Residents moving to the Silver State from U.S. territories are hit with a surprise when they try getting a Nevada driver’s license.
People moving to Nevada from any of the 49 other states, the District of Columbia and Canada who are 21 or older have it easier. They can transfer their state-issued driver’s license, along with proof of residency, to a Nevada license and not have to take written or driving tests, though they must pass a vision test.
But those transplanting from places like Puerto Rico, American Samoa, Guam, the Northern Mariana Islands and the U.S. Virgin Islands must take the vision, written and driving tests to obtain a Nevada license.
To skirt the issue, some new Nevada residents from U.S. territories drive to neighboring Arizona, where residents don’t have to retake tests, transfer their current license there and then bring the Arizona license to Nevada to transfer to the Silver State.
Senate Bill 396 would amend current law to include residents of U.S. territories. The bill passed in the Senate and was heard by the Assembly last week.
The inconvenience can be taxing to people not expecting to retake the test, as time and money generally come into play.
Joey Cruz, a communications major at UNLV who is originally from Guam, came to Nevada and shares a vehicle with his father. He said not having his Nevada license was an issue at first.
“I would have to ask for my father’s help for getting there. Otherwise I would have to drive illegally,” Cruz said. “In some cases, I had to because he was at work and I would have to go to school.”
Aside from having to reschedule multiple events, including tests, Cruz said having to pay the additional fees to take the written and driving tests again was a problem.
“It was just more burdens that we shouldn’t have to pay for,” he said.
Cruz said it wasn’t until he got his Nevada driver’s license that he felt like a resident.

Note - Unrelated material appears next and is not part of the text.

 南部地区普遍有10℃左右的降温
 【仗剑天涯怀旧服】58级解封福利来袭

“It was just something that blocked me from living fully in the state and having the full experience,” he said. “It really gave me a sense of belonging. Once I took my (license) picture, it was a huge relief.”
Cruz doesn’t believe that other people should have to go through what he did to obtain his license, and he is behind SB 396.

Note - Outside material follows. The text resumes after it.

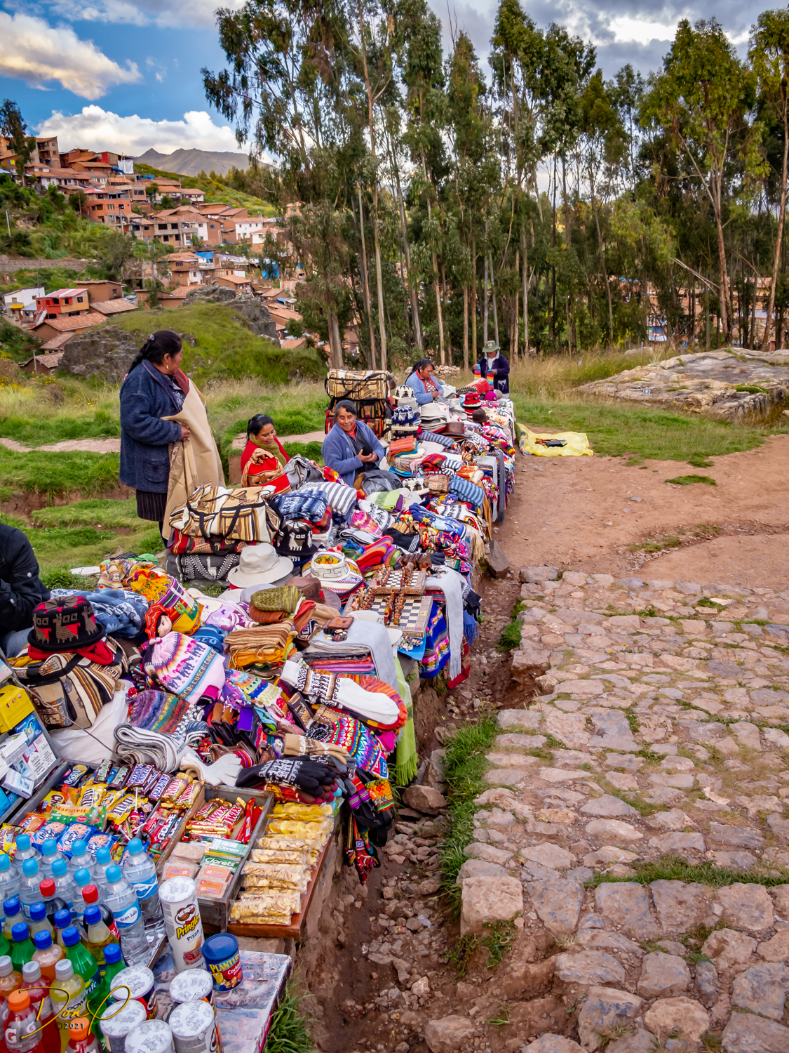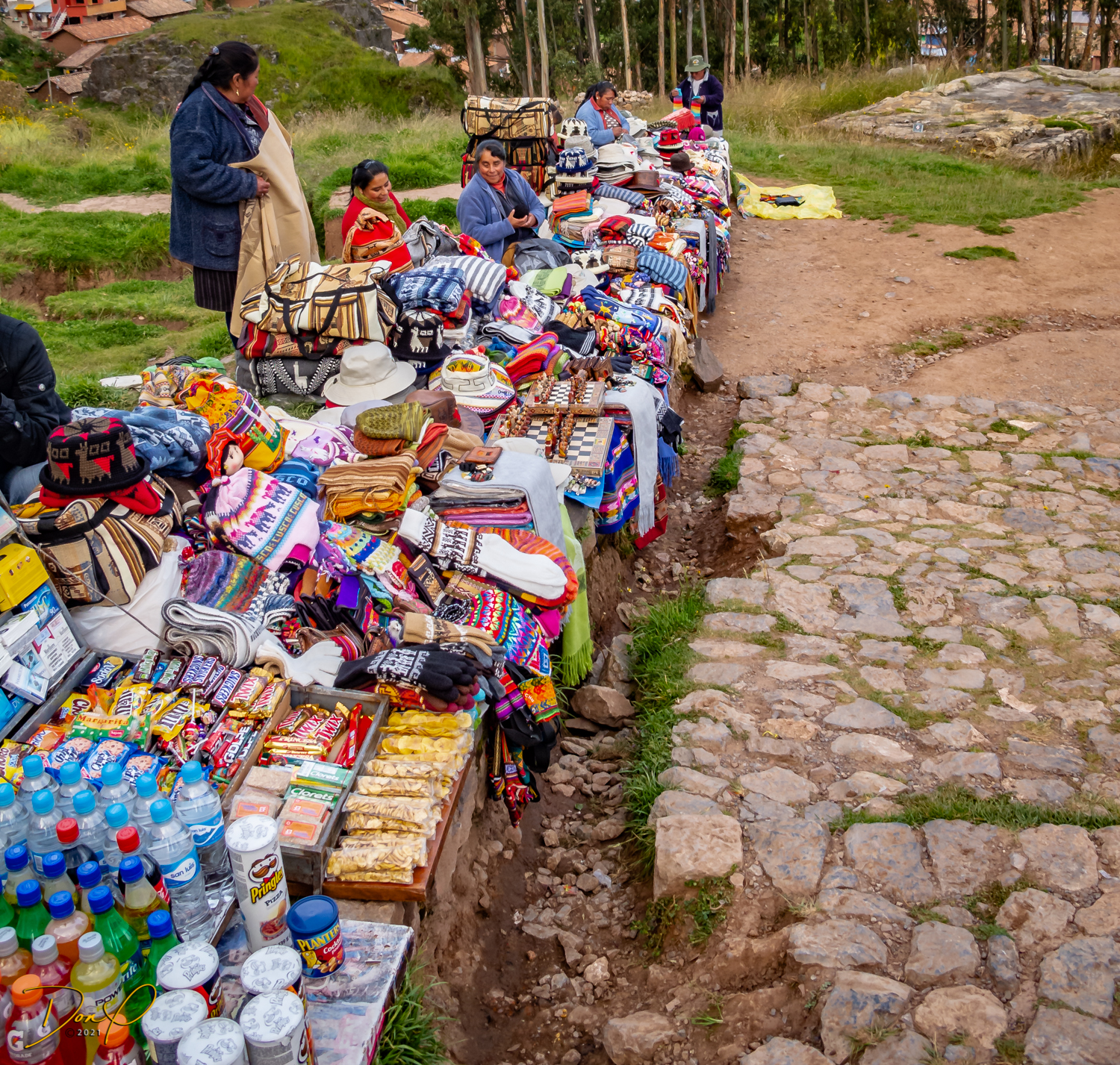 We then travel a short distance to the home of “Huiracocha”, the god of water. Here, Huiracocha and “Pachamama” (Mother Earth) resided and they say these waters are the purest on earth. (Pronunciations are “Ware-a-ko-cha” and “paach-A-mama”) Once again, vendors display their colorful wares for sale!

“The fact that I already have my license, I would love to help those who are in the process of getting theirs and struggling,” he said. “We call Nevada our home, but yet the system itself blocks us from feeling that 100 percent.”
Nipton Road work
Chip-sealing on a nearly 19-mile stretch of eastbound and westbound state Route 164, also known as Nipton Road, will take place over the next week, the state Department of Transportation announced last week.
The two-lane rural highway connects U.S. Highway 95, near Searchlight, to Nipton, California.

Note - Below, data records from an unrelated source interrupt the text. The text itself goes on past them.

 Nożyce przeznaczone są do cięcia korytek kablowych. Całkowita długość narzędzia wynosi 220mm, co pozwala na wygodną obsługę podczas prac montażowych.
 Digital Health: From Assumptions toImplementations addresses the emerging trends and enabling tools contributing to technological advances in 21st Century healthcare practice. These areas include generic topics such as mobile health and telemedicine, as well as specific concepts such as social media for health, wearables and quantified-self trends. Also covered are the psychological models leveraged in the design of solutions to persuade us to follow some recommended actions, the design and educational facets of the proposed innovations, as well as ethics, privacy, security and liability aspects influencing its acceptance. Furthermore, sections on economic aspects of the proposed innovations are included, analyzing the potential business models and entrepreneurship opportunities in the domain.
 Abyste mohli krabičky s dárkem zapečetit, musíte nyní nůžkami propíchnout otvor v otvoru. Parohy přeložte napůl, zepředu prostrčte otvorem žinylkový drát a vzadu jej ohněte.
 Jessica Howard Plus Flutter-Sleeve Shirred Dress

Crews will chip-seal pavement with an asphalt emulsion to reduce water infiltration and reinforce the roadbed, working in 2-mile segments from 4 a.m. until 8 p.m. daily.
“Chip-sealing prevents further roadway deterioration for a smoother, safer driving experience,” said NDOT spokesman Tony Illia. “It’s a cost-effective maintenance solution that extends the roadway’s life cycle.”
The stretch of road has been damaged by flooding in the past; money to fix Nipton Road-related damage this year was part of over $8 million in emergency roadwork funds awarded by the Federal Highway Administration.
No work will be carried out during the weekend of May 11-12.
Flaggers and pilot cars will chaperone vehicles through the construction zone. Motorists can expect minor delays.